You can use one or multiple blobs on Azure Storage to access data directly on your machine learning experiments and jobs.

Create an Azure Storage account

You should create a storage account (e.g. plx-storage) and a blob (e.g. data).

You need to expose information about how to connect to the blob storage, the standard way is to expose these keys:

  • AZURE_ACCOUNT_NAME
  • AZURE_ACCOUNT_KEY
  • AZURE_CONNECTION_STRING

Create a secret or a config map for storing these keys

We recommend using a secret to store your access information json object:

kubectl create secret -n polyaxon generic az-secret --from-literal=AZURE_ACCOUNT_NAME=account --from-literal=AZURE_ACCOUNT_KEY=hash-key

Use the secret to add a connection

connections:
- name: azure-dataset1
  kind: wasb
  schema:
    bucket: "wasbs://[email protected]/"
  secret:
    name: "az-secret"

If you want ot access multiple datasets using the same secret:

persistence:
- name: azure-dataset1
  kind: wasb
  schema:
    bucket: "wasbs://[email protected]/"
  secret:
    name: "az-secret"
- name: azure-dataset2
  kind: wasb
  schema:
    bucket: "wasbs://[email protected]/"
  secret:
    name: "az-secret"

Update/Install Polyaxon CE or Polyaxon Agent deployment

You can deploy/upgrade your Polyaxon CE or Polyaxon Agent deployment with access to data on Azure.
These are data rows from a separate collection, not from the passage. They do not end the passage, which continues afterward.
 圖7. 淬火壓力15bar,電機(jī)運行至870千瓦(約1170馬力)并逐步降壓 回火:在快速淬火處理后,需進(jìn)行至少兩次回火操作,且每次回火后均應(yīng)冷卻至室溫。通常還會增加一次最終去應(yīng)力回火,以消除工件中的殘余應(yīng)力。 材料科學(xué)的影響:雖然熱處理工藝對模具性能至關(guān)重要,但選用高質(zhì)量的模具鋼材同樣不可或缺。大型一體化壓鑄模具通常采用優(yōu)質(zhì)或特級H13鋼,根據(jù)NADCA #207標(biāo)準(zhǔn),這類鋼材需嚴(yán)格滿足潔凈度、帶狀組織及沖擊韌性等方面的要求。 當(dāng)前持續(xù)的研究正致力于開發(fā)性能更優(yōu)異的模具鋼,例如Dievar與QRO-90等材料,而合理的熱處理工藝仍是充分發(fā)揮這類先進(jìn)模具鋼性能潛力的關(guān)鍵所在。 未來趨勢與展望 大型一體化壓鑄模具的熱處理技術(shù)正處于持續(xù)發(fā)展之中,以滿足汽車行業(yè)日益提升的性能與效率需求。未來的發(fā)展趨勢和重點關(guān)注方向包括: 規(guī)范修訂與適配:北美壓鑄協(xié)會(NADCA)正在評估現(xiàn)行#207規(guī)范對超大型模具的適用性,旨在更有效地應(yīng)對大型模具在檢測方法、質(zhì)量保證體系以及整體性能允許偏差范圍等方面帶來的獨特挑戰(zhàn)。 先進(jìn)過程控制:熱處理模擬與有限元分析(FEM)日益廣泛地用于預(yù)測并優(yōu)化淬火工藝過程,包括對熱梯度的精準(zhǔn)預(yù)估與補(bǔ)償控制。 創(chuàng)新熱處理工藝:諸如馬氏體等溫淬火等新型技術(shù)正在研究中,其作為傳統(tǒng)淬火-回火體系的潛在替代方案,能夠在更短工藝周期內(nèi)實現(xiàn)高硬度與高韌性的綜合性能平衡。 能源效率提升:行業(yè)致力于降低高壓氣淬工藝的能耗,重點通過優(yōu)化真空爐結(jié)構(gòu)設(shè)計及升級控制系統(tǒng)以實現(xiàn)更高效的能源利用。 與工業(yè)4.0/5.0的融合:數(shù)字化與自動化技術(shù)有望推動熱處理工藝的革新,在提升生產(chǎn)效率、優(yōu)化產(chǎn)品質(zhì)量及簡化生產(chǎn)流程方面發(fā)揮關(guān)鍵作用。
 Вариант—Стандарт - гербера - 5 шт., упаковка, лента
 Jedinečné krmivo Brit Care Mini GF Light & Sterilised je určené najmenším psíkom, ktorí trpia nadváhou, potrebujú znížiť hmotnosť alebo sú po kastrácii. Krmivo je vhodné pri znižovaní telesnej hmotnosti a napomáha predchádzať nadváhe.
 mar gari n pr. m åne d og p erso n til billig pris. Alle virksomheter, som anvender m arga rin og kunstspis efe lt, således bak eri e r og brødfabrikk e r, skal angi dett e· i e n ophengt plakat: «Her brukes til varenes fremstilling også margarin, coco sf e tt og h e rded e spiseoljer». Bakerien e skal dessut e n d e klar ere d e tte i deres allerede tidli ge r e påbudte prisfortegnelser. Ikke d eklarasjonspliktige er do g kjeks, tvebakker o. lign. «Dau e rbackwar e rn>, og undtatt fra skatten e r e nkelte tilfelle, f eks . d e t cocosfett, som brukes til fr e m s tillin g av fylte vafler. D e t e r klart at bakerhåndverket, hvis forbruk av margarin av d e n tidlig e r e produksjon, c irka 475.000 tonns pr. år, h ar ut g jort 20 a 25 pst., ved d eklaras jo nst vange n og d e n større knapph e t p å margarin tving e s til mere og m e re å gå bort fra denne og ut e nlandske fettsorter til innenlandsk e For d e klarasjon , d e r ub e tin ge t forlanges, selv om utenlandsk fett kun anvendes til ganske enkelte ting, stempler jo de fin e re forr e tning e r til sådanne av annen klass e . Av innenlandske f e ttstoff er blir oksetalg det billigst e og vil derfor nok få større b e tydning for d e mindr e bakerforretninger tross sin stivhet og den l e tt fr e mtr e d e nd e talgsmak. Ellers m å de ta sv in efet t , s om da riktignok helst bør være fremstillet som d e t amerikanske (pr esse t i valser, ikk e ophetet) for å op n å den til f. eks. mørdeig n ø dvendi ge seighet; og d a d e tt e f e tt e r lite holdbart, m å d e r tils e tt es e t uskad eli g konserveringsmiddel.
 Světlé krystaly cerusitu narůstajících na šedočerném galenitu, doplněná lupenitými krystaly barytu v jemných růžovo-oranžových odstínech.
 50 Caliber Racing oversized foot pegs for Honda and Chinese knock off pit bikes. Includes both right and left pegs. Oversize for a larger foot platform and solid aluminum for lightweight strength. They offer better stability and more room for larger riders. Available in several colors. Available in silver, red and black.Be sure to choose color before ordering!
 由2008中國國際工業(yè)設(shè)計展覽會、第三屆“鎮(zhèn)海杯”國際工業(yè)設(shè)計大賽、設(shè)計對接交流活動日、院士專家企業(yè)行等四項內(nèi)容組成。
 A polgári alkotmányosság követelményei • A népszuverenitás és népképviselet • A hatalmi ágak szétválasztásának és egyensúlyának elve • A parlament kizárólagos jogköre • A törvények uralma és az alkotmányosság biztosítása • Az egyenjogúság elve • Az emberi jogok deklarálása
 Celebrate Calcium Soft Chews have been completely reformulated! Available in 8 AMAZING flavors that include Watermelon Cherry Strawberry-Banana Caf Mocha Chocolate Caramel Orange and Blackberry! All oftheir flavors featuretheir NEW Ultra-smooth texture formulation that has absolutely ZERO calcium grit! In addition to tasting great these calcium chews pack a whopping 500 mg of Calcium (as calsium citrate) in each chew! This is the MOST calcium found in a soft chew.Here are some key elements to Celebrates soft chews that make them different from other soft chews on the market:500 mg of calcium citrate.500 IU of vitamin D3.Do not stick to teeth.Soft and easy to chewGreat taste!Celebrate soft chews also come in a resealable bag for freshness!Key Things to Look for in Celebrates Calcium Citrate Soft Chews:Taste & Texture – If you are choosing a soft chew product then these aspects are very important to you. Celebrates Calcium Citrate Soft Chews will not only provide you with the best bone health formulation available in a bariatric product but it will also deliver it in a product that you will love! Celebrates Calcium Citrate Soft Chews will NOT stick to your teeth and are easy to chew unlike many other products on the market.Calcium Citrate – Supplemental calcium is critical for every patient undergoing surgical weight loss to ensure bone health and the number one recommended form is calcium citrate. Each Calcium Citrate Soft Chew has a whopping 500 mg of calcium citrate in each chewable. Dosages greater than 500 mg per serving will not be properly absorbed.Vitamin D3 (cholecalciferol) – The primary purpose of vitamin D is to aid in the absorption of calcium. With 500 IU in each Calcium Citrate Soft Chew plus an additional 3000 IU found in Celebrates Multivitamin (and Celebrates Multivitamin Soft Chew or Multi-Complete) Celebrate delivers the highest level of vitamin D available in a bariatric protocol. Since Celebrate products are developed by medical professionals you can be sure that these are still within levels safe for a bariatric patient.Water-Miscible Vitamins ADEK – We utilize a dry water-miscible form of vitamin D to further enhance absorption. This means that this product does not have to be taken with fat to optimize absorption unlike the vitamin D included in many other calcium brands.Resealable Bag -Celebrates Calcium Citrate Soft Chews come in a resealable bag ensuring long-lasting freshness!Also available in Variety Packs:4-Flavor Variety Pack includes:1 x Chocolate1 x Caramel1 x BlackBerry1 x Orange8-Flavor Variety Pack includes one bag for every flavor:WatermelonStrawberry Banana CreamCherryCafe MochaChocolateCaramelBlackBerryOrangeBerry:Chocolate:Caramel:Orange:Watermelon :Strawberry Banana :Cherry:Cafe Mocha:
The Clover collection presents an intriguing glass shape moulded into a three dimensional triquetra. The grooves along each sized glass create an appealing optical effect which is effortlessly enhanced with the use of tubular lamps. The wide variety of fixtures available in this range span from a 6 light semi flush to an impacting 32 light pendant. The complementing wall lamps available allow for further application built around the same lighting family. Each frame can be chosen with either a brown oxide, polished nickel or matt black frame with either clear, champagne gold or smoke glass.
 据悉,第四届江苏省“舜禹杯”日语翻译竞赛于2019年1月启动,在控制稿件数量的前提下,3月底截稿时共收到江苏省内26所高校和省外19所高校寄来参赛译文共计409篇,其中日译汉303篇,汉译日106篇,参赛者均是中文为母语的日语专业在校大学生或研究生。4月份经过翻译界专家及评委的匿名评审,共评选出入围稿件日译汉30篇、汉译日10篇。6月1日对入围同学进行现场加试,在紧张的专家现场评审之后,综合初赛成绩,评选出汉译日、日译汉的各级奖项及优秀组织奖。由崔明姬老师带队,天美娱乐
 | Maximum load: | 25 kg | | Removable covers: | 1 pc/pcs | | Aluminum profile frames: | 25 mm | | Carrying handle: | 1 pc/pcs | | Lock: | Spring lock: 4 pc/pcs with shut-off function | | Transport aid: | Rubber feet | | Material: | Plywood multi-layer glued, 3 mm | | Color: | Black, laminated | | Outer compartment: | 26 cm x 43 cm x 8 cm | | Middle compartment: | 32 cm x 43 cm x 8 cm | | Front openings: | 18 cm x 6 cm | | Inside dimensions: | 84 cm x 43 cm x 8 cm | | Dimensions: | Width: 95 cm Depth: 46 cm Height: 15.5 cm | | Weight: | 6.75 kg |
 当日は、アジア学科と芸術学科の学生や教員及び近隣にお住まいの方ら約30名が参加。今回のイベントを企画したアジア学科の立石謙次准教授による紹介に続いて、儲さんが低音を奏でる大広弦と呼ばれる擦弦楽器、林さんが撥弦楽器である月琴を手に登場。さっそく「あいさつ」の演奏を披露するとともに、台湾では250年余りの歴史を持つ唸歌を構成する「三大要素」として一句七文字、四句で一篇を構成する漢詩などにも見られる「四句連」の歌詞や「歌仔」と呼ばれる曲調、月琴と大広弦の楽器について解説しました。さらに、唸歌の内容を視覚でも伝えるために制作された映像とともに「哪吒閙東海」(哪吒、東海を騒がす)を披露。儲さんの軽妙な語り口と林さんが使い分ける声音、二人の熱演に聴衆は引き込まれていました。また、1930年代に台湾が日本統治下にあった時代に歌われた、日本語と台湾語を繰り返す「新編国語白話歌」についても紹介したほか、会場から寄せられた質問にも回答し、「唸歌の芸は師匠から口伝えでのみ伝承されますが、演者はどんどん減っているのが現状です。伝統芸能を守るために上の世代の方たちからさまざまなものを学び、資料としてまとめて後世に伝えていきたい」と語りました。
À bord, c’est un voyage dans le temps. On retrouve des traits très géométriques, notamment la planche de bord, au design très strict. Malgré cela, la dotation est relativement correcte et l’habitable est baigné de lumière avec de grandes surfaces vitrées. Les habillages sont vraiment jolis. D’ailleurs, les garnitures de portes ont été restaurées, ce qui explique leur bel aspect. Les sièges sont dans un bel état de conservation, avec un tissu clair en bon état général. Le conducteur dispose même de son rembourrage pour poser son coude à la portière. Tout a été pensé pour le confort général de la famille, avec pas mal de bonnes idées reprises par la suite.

Access to the dataset in your experiments/jobs

To expose the connection secret to one of the containers in your jobs or services:

run:
  kind: job
  connections: [azure-dataset1]

Or

run:
  kind: job
  connections: [azure-dataset1, s3-dataset1]

Use the initializer to load the dataset

To use the artifacts initializer to load the dataset

run:
  kind: job
  init:
   - artifacts: [dirs: [...], files: [...]]
     connection: "azure-dataset1"

Use Polyaxon to access the dataset

This is optional, you can use any language or logic to interacts with Azure Storage.

Polyaxon has some built-in logic that you can leverage if you want.

To use that logic:

pip install polyaxon[azure]

All possible functions to use:

from polyaxon.connections.azure.azure_blobstore import AzureBlobStoreService

store = AzureBlobStoreService(...)

store.delete()
store.ls()
store.upload_file()
store.upload_dir()
store.download_file()
store.download_dir()